Connecting a selection of these individual components together results in a chain. The creators of LangChain have developed a set of predefined chains that have been optimized for different use cases, and you can use these off the shelf to quickly get your app up and running. Sometimes your application workflow could take multiple paths depending on the information the user provides. In this case, you can't use a pre-determined chain, but instead we'll need the flexibility to decide which actions to take as the user moves through the workflow.

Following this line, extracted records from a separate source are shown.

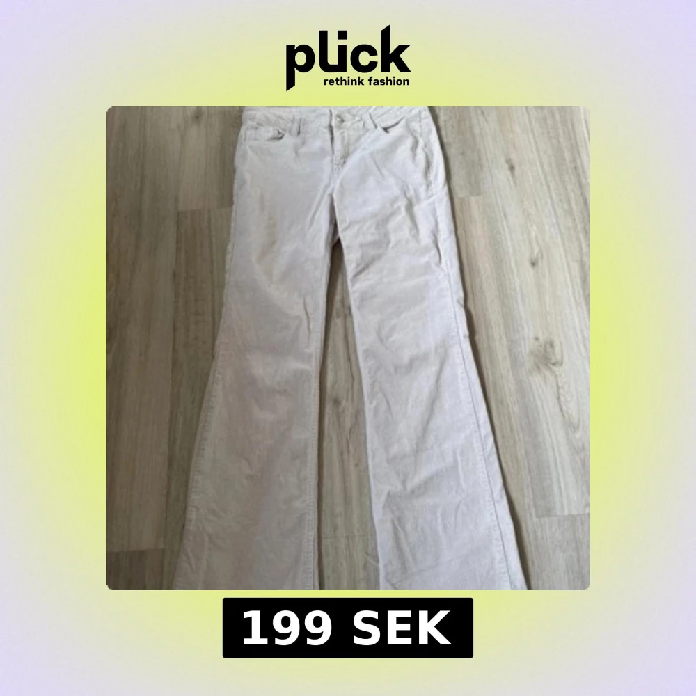 Snygga beiga manchesterbyxor från h&m med klassisk passform och bootcut. Byxorna har normal midja och stängs med dragkedja och knapp. Perfekta för en stilren look!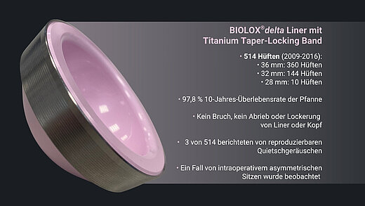 BIOLOX®delta ist ein hochgradig biokompatibles und hypoallergenes Keramikmaterial. BIOLOX®delta weist sehr günstige physikalisch-chemische Eigenschaften auf, die zu einer hervorragenden Benetzbarkeit und einer sehr hohen Verschleißfestigkeit führen. BIOLOX®delta ist sicher hinsichtlich der Freisetzung von Metallionen. Pathogene Reaktionen auf Keramikpartikel sind sehr unwahrscheinlich. Die Referenzen für alle nachstehenden Aussagen finden Sie hier.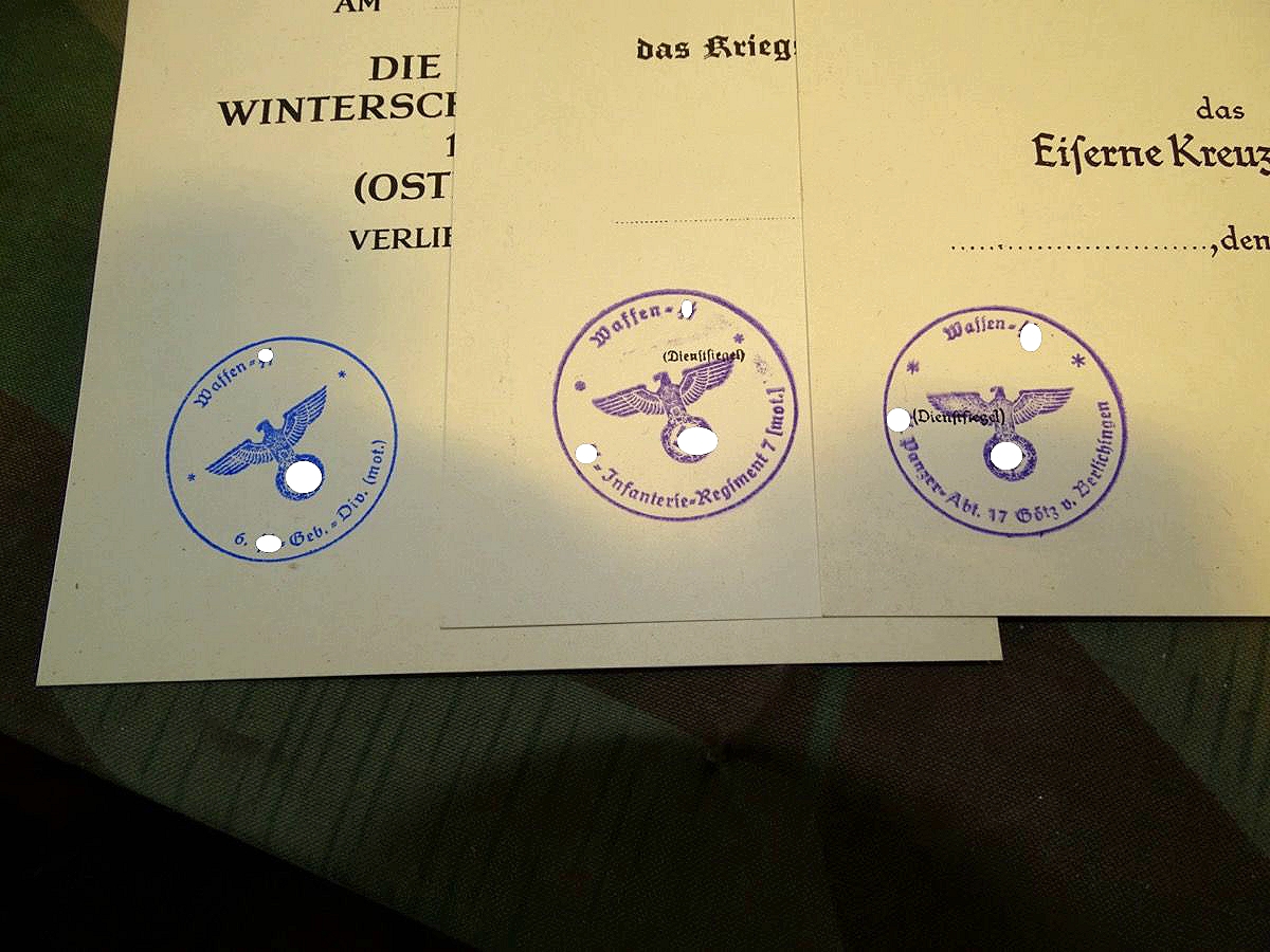 Produktinformationen "Replik: 3 Blanko Urkunden m. Stempeln, EK 2, Ostmedaille, KvK 2, Waffen SS Pz.Abt.17, Götz v Berlichingen"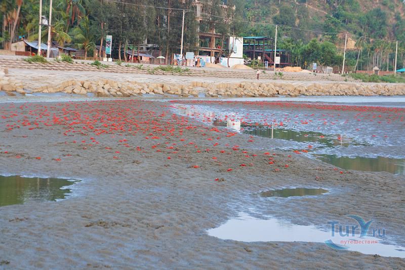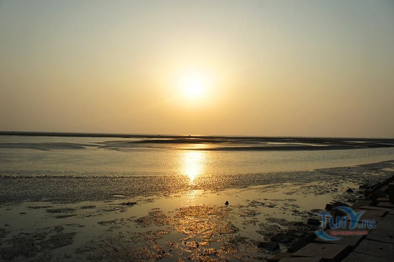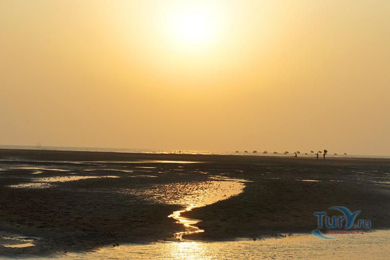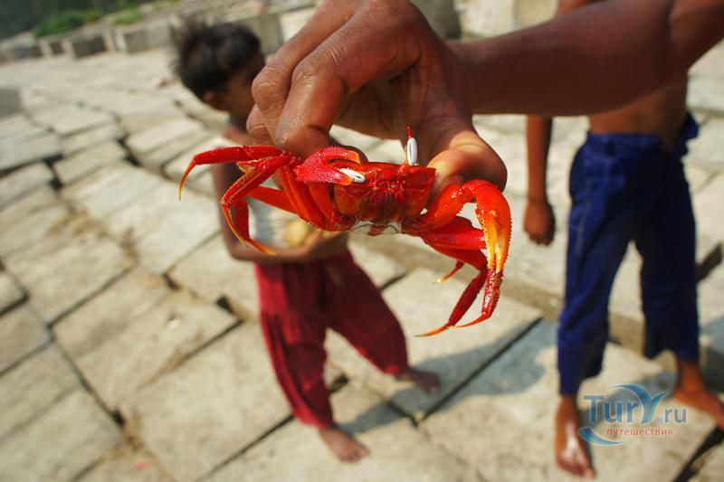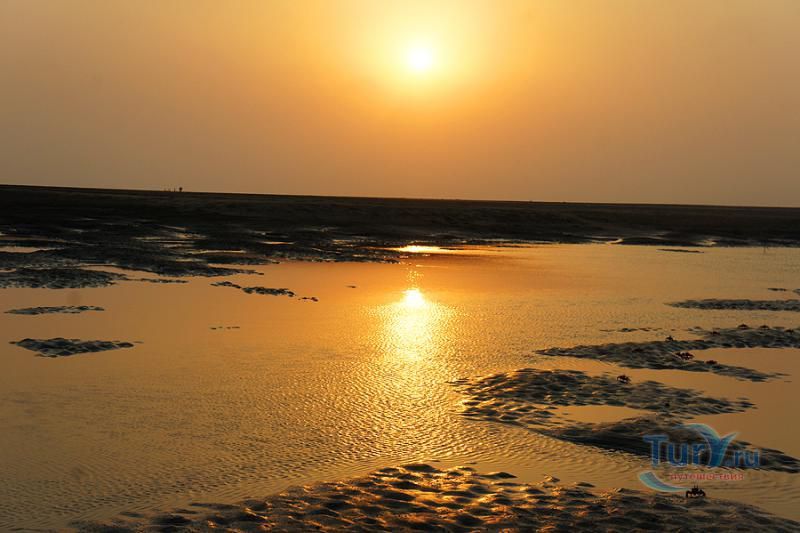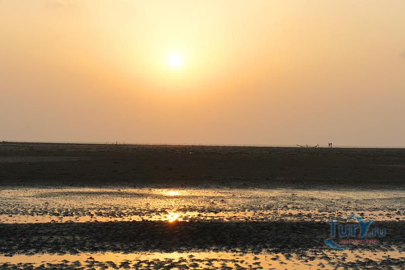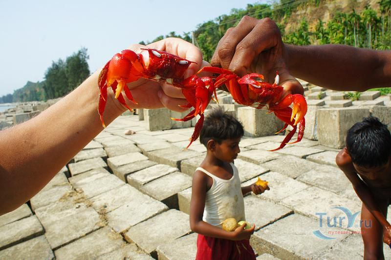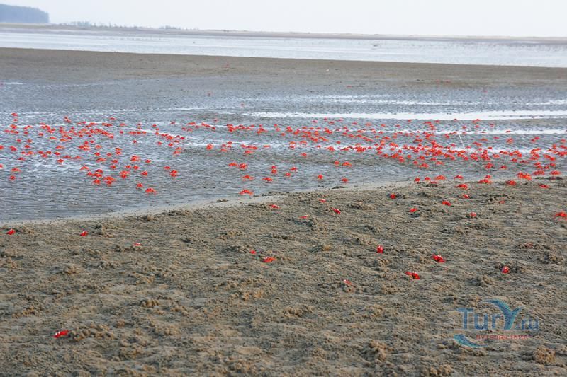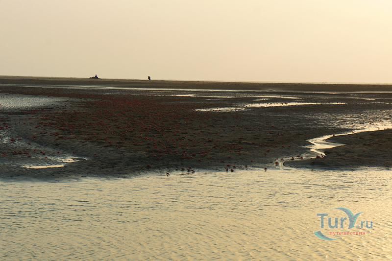 Всего пол часа езды на тук-туке от курортной части Кокс-Базара, и Вы окажетесь в неповторимом природном уголке, где на закате солнца миллионы красных крабов выползают на отливную отмель, отчего песок до горизонта кажется кроваво-красным в лучах золотого солнца. Плотный песок пологого пляжа не впитывает отступающую воду и огромная обнажившаяся поверхность земли превращается в зеркальную гладь, безупречно отражающую великолепие заката. Местные мальчишки с удовольствием поймают Вам парочку пучеглазых и быстроногих крабиков, а если пожелаете - можете и сами за ними поохотится.

LangChain defines another construct, known as an agent, that you can use to interpret the input from the user and determine which tool or tools to use to complete the task. LangChain currently includes agents for both PAL and ReAct, among others. Agents can be incorporated into chains to take an action or plan and execute a series of actions.

LangChain is in active development, and new features are being added all the time, like the ability to examine and evaluate the LLM's completions throughout the workflow. It's an exciting framework that can help you with fast prototyping and deployment, and is likely to become an important tool in your generative AI toolbox in the future.

The last thing to keep in mind as you develop applications using LLMs is that the ability of the model to reason well and plan actions depends on its scale. Larger models are generally your best choice for techniques that use advanced prompting, like PAL or ReAct. Smaller models may struggle to understand the tasks in highly structured prompts and may require you to perform additional fine tuning to improve their ability to reason and plan. This could slow down your development process. Instead, if you start with a large, capable model and collect lots of user data in deployment, you may be able to use it to train and fine tune a smaller model that you can switch to at a later time.